Sharding distributes data across multiple independent database instances so that no single machine becomes a bottleneck for storage, writes, or read latency.

Ten Warehouses Instead of One Giant One

Imagine you run a shipping company. You started with one warehouse, and it worked great. But now you're shipping to 50 states, and that single warehouse is maxed out -- no more shelf space, the loading docks are jammed, and every shipment routes through the same bottleneck.

The solution isn't a bigger warehouse (there's a physical limit). It's ten smaller warehouses, each handling a region. West Coast orders go to the Portland warehouse. Southeast orders go to Atlanta. Each warehouse operates independently, has its own staff, and can be scaled on its own.

That's sharding. Instead of one massive database, you split the data across multiple independent database instances. Each instance -- called a shard -- holds a subset of the total data and handles reads and writes for that subset.

Why Shard at All?

Partitioning (from the previous lesson) splits data on a single machine. Sharding splits it across machines. You reach for sharding when a single machine hits hard limits:

Limit Typical Threshold What Happens
Storage ~256 TB (cloud instances) Can't fit more data on one node
Write throughput ~50K-100K writes/sec (PostgreSQL) Single writer bottleneck, WAL becomes the constraint
Read latency Depends on dataset/memory ratio Working set exceeds RAM, queries hit disk constantly
Connection count ~5,000-10,000 connections App servers competing for limited connection slots

If your traffic is read-heavy, you can often delay sharding by adding read replicas. But write-heavy workloads eventually force the issue -- there's only one primary, and it can only do so much.
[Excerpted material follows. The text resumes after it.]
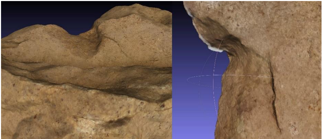
Figure 14- Encoches au col et à la hanche du torse en granit.

Il est plausible que la face avant, aujourd'hui lisse et nue, n'ait jamais été sculptée mais décorée avec des tracés linéaires du même type que ceux présents sur la pierre parallélépipédique.

Companies that shard: Instagram sharded PostgreSQL early because user growth outpaced single-instance capacity. Notion sharded when their single PostgreSQL instance hit performance walls. Figma, Slack, Pinterest -- the pattern repeats.

Three Sharding Strategies

1. Hash-Based Sharding (Most Common)

Apply a hash function to the shard key and use modulo to pick the shard:

shard_number = hash(shard_key) % number_of_shards
import hashlib

def get_shard(user_id: int, num_shards: int) -> int:
    key_bytes = str(user_id).encode('utf-8')
    hash_value = int(hashlib.md5(key_bytes).hexdigest(), 16)
    return hash_value % num_shards

# User 12345 -> shard 2, User 67890 -> shard 0, etc.
print(get_shard(12345, 4))  # Deterministic: same input always gives same shard

A shard-aware query router is just a few extra lines:

# Shard-aware query router
SHARD_CONNECTIONS = {
    0: db_connect("shard-0.internal"),
    1: db_connect("shard-1.internal"),
    2: db_connect("shard-2.internal"),
    3: db_connect("shard-3.internal"),
}

def query_user(user_id):
    shard = get_shard(user_id, num_shards=4)       # deterministic routing
    conn = SHARD_CONNECTIONS[shard]
    return conn.execute("SELECT * FROM users WHERE id = %s", user_id)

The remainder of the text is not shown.